Pour plus ample exposé des moyens et prétentions des parties, il convient de se reporter à leurs écritures ci-dessus visées, figurant au dossier de la procédure, auxquelles il est expressément référé en application de l’article 455 du code de procédure civile.
La clôture a été prononcée par ordonnance du 27 juin 2024.
Une note en délibéré a été autorisée à l’audience du 13 décembre 2024 sur les hypothèques concernées par les demandes de mainlevée.
Par observations en cours de délibéré du 13 janvier 2025, la SARL DLC Construction a exposé que hormis l’hypothèque judiciaire susvisée, les autres hypothèques qu’elle a pu inscrire n’intéressent pas le débat puisque consistant en des hypothèques provisoires périmées ou d’une hypothèque conventionnelle reçue par notaire dans le cadre de la garantie du protocole litigieux. Elle indique reprendre l’exécution du jugement du 25 septembre 2012 à raison de la non-exécution du protocole de règlement et de l’avenant conclu avec M. [S] [D] [I].
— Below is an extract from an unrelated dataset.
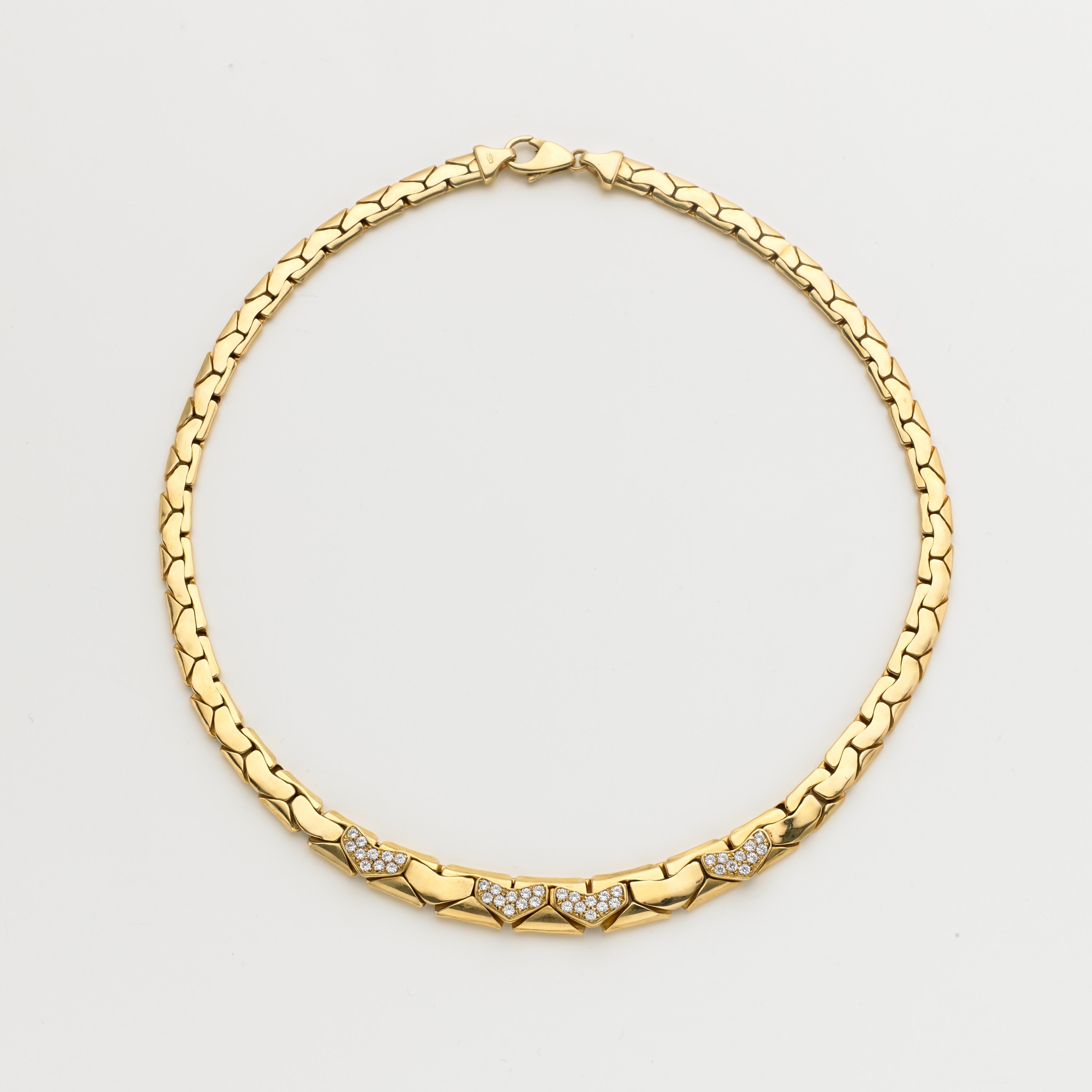 Collier in oro giallo scalato con maglie centrali a pavÈ di diamanti lungh....

Par message RPVA du 12 février 2025, la cour a sollicité les observations des parties, en cours de délibéré et sous quinzaine, sur la lecture des dispositions de l’article 2440 du code civil, dans sa rédaction applicable au litige, par l’arrêt Civ2, 19 octobre 2002, n° 98-22328 et ses incidences sur le premier point soulevé par la cour dans son arrêt avant dire droit.
Par message RPVA du 26 février 2025, M. [S] [D] [I] a fait observer que si le juge de l’exécution n’est pas compétent pour ordonner la mainlevée de l’Hypothèque, cette compétence relève du tribunal.
La SARL DLC n’a pas formé d’observations en réponse.
PAR CES MOTIFS
La cour, statuant publiquement par décision contradictoire, en matière civile et en dernier ressort, mis à disposition au greffe, conformément à l’article 451 alinéa 2 du code de procédure civile,
– Confirme le jugement entrepris;
Y ajoutant,
– Dit n’y avoir lieu à frais irrépétibles;
– Condamne la SARL DLC Construction aux dépens.
Le présent arrêt a été signé par monsieur Patrick CHEVRIER, président de chambre, et par madame Sarah HAFEJEE, greffière à laquelle la minute de la décision a été remise par le magistrat signataire.